Ireland 2015: A Whale of a Time

10 Mar 2015 | Giada Vercelli


With the clock ticking down to the Euromoney Ireland Conference in Dublin, timing is on our side. On Thursday, we’ll singlehandedly gather together policy and market-makers’ first reactions on current game-changing events.

The ECB’s programme of bond purchases, finally launched on Monday, has lead banks, pension funds and insurers across the continent to hoard government bonds in the weeks before its take-off, both for regulatory and accounting reasons. How are the Irish banks participating? Do they use it for repos or outright sale? And on the Irish DMO’s side, how is European QE affecting the market? The ECB’s governor Mario Draghi has made it clear that securities will not be purchased if their yields are below the ECB’s deposit rate of minus 0.2%. Will this be sufficient? Will the plan lead to a scarcity of fixed-income assets? These questions are particularly poignant for the Irish National Treasury Management Agency, which has been able to give a full calendar of bond auctions this year for the first time since Ireland was locked out of the international debt markets in November 2010. The NTMA plans to raise 12 billion to 15 billion euro over the course of the year to repay the remaining 9 billion euro in IMF loans.

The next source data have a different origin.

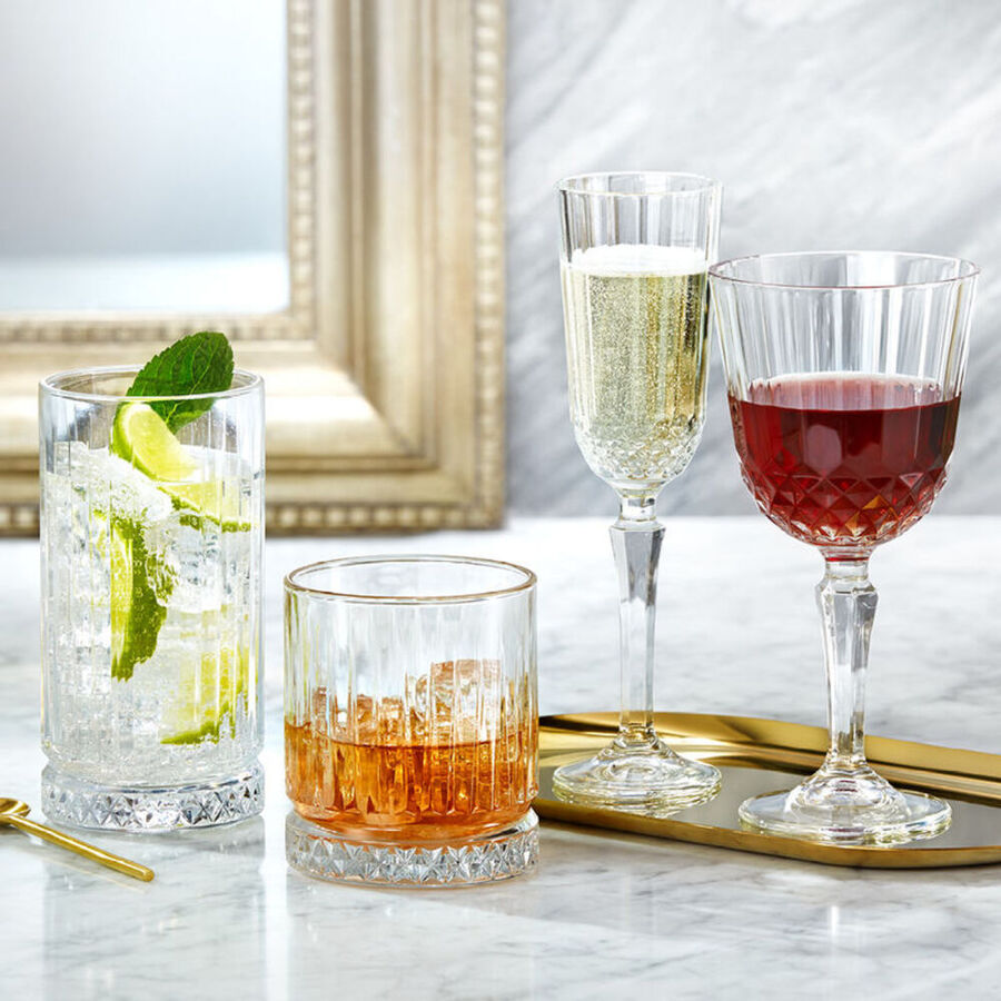 Inspiriert durch die Gatsby-Ära in den 1920er Jahren und den Art Déco Stil dieser Zeit entstanden diese Tumbler aus Kristallglas mit ihrer eleganten, klaren Form. Vertikale Linien werden durch ein dezentes Diamant-Design abgerundet. Der besondere Schliff lässt Scotch Whiskys oder gemixte Getränke in den hochtransparenten, klaren Gläsern wirkungsvoll zur Geltung kommen. Für den täglichen Gebrauch geeignet.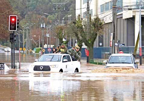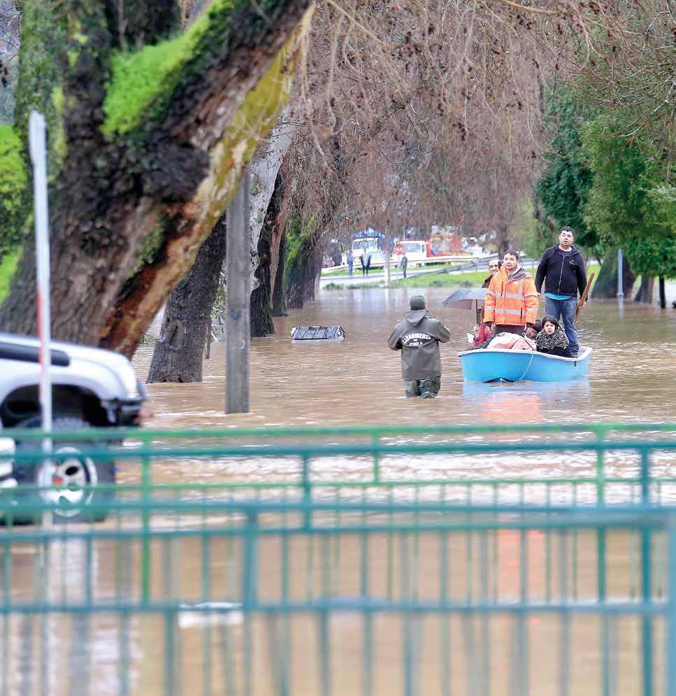 “A los menos cinco personas, de las cuales hay un adulto mayor, pernoctaron durante la noche (domingo). Nosotros vamos a seguir desplegados en el territorio y anda un equipo en el sector de Upeo, donde también hubo un socavón profundo y estábamos verificando el estado del tránsito”, apuntó. Una de las situaciones más complejas al cierre de esta edición se presentaba en San Martín de Las Piedras, con desbordes de canales y anegamientos, afectando a numerosas viviendas. Por lo mismo, sus habitantes se trasladaron o fueron trasladados a casas de familiares. Como se recor-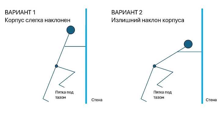 Попробуйте сделать эксперимент, подойдите к стенке и упритесь в нее как на картинке ниже и попробуйте в двух вариантах как можно быстрее поднести колено вперед, чтобы пятка была под тазом и сравните в какой позиции получается легче и быстрее. Если у вас нет анатомических особенностей, то во втором варианте с заваленными плечами вперед сделать это будет гораздо тяжелей.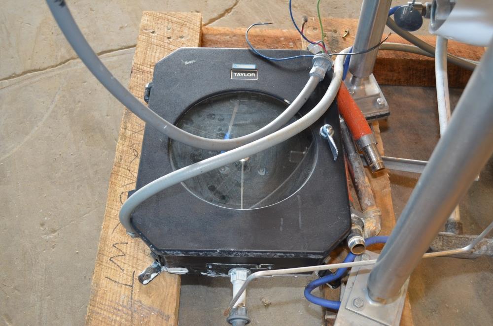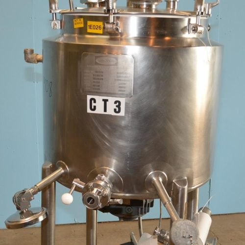 15 Gallon Walker Model PZP S/S Bottom Turbine Agitated Jacketed Pressure Tank with Fixed Interior Baffle. 18 1/2 in Interior Diameter, 16 3/4 in Interior Depth, Slope Bottom, Heating and Cooling Jacket, Vessel Maximum Working Pressure 15 PSIG at 250 Degrees F, Heating Jacket Maximum Working Pressure 60 PSIG at 250 Degrees F, Cooling Jacket Maximum Working Pressure 100 PSIG at 100 Degrees F. 1 HP Bottom Mounted Agitator, Fixed Interior Baffle, S/S Hinged Clamp Down Single Cover, (2) 3 in Diameter Sanitary Threaded Top Inlets, (1) 2 in Diameter Tri-Clamp Top Inlet, (1) 1 1/2 in Diameter Tri-Clamp Top Inlet, (1) 1 in Diameter Sanitary Threaded Side Top Inlet, 1 in Diameter Tri-Clamp Side Bottom Outlet with Manual Valve, 33 in Discharge Height, 2 Temperature Probes, T304 S/S. (4) 31 in H S/S Legs, (4) Weigh Cells with Kistler Morse Digital Controls, Taylor Chart Recorder, 180 Volt DC Motor.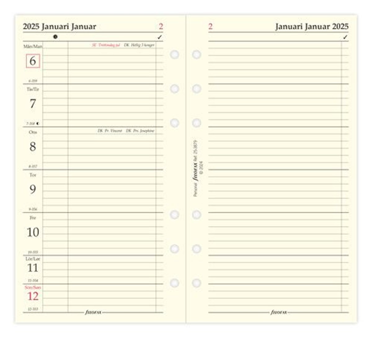 Dagbok Filofax Pocket 2025 vecka/sida + noteringssida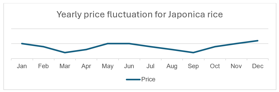 The price of Japonica tends to decline at the beginning of the harvest and falls most sharply during the peak of the harvest, particularly in April for the Winter - Spring crop and in September for the Summer - Autumn crop.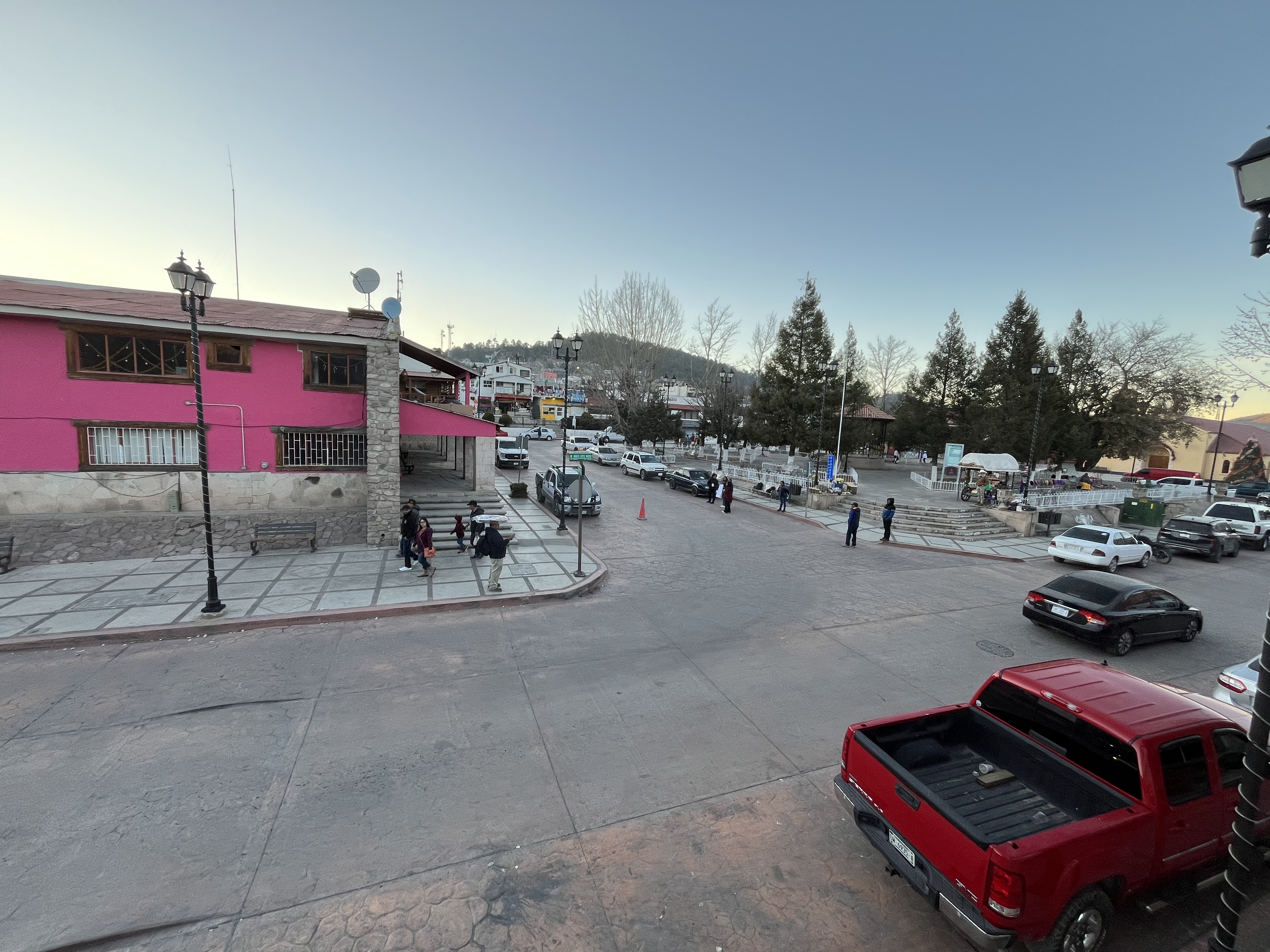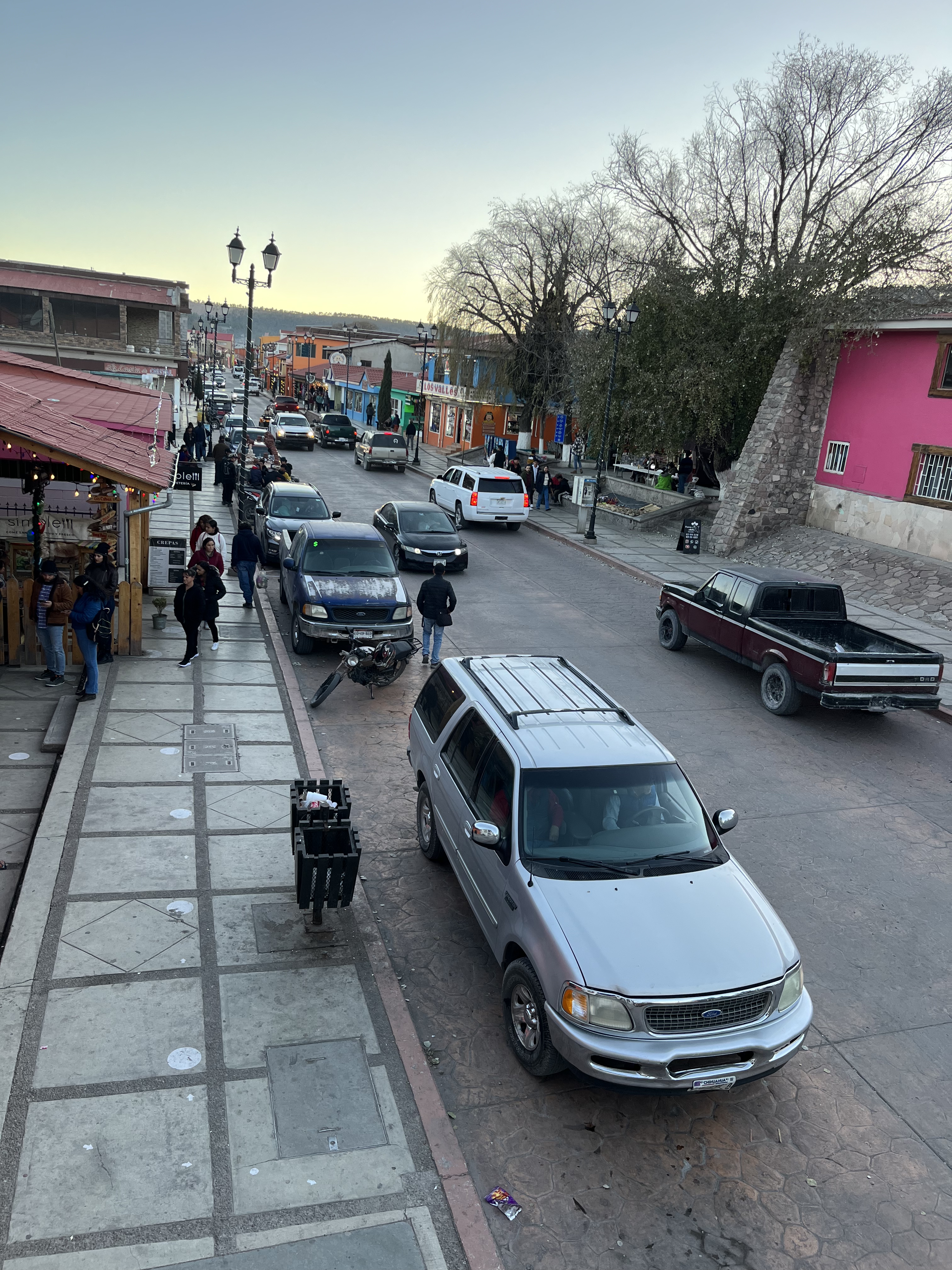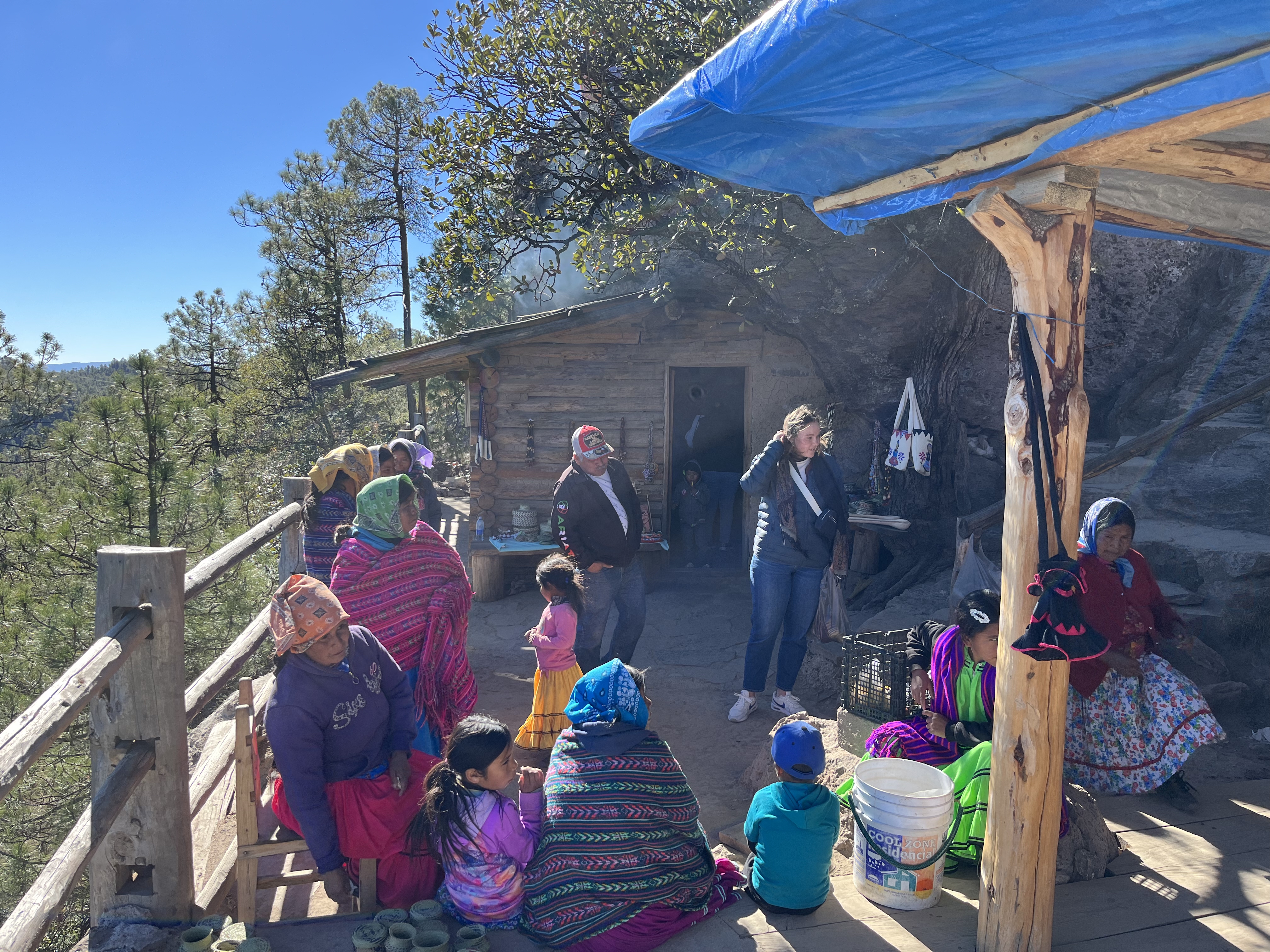 After riding for about 9 hours to Creel, Chihuahua, we disembarked to spend the night in Creel. Creel is a former logging town of about 5,000 people largely inhabited by the Rarámuri or Tarahumara people. This group of Indigenous people of the Americas are renowned for their long-distance running ability. We stayed the night and the next day arranged a guide/driver to take us back to the Divisidero (Continental Divide) where we could access the Copper Canyon. The drive was about 45 minutes, and along the way our driver stopped to show us another divide. The often reclusive Tarahumara people were having a reunion in the area and hundreds of people were gathered about in small family units awaiting the festivities. I had hoped we would see some kids along the way and had brought a sack of fun-sized candy bars from the US for the occasion. We handed out candy and decks of playing cards to the families we encountered. They politely accepted our small gifts.

Ireland’s debt to GDP ratio is expected to fall to 110.3% in 2015 and to 108% in 2016. Ireland’s banks’ holdings, whose bail outs ski-rocketed Irish debt, are a pillar of the debt reduction strategy. The first annual profit of Allied Irish Bank, one of the banks rescued by the Irish taxpayers between 2008 and 2010, may signal the return of the government’s holdings to shareholders in 2015. With David Duffy, the man at the helm of the turnaround, leaving the bank just ahead of reaping the merit that would come with a return to the stock market, Dublin is the place to have an in-depth discussion on the banking sector this week.

With a debt level double the 60% or less sought by the EU, Ireland is still exposed to external shocks. The slowdown in the euro and the performance of the British economy may affect the country’s energetic recovery. At the conference we’ll discuss the prominence of the Irish brand in the US, and how net exports should continue to grow in spite of slowing growth in the UK and the euro-area. Ireland is set to remain the fastest-growing economy in the EU with growth of 3.5% predicted for 2015.

Ireland is the poster child of the EU, with even the real estate sector picking up. At the conference we will address the scepticism around the real estate recovery given that the bursting of the real estate bubble led the country to ask for an 85 billion euro bailout. Behind the rebound is the strong interest of international investors such as Lone Star, Blackstone and Kennedy Wilson, keen to buy the properties that the Irish State has been selling after they bailed out failed banks. The National Asset Management Agency - the ‘bad agency’ specifically set up to deal with the property loans made by the banks before the financial crash - sold their whole Northern Ireland loan book to Cerberus last April. On target for Ireland is mostly Dublin commercial real estate, i.e. multinational corporate office space. With 2.2 billion euro poured into Dublin in the first three-quarters of 2014, the capital’s house prices have also started rising again. Dublin ranked again in second place within the top five European real estate investment markets in 2015, according to PWC data. Beyond Dublin, it’s a different story. Will the Irish Central Bank mortgage rules protect the economy from another real estate bubble or will they limit lending?

The substantial presence of multinationals mirrors Ireland’s effort to deliver the ‘4 Ts’ strategy: talent, tax, track record and technology. Trademark protection is a 5th ‘T’ to be added. Global firms are highly sensitive to challenges to intellectual property protection, and we will discuss controversial decisions taken by the Irish regulators on this front. In a global economy, Ireland must compete for both foreign investment, which leads to the development of new technology and skilled labour. Minister Simon Harris TD is the first financial minister ever appointed by the government to define a new strategy for international financial services. Minister Harris TD will join us to explain what has triggered the decision to define such a detailed strategy on financial services. He will update us on how Ireland has created a conducive environment for business drawing on tax management, advanced fin-tech services, infrastructure, quality of life, and proximity to London. Ireland’s tax regime, in particular, is crucial to attract capital, but also to retain talent: how is Ireland competitive? However, there are two sides to every coin: if Ireland is perceived as a tax haven when global firms increasingly worry about their public reputation, is there a risk of a sudden reversal of foreign direct investment flows? These are just some of the key questions we will be asking this Thursday. Also joining us to deliver the opening address will be Minister Noonan TD. We look forward to welcoming them both to the conference on 12 March.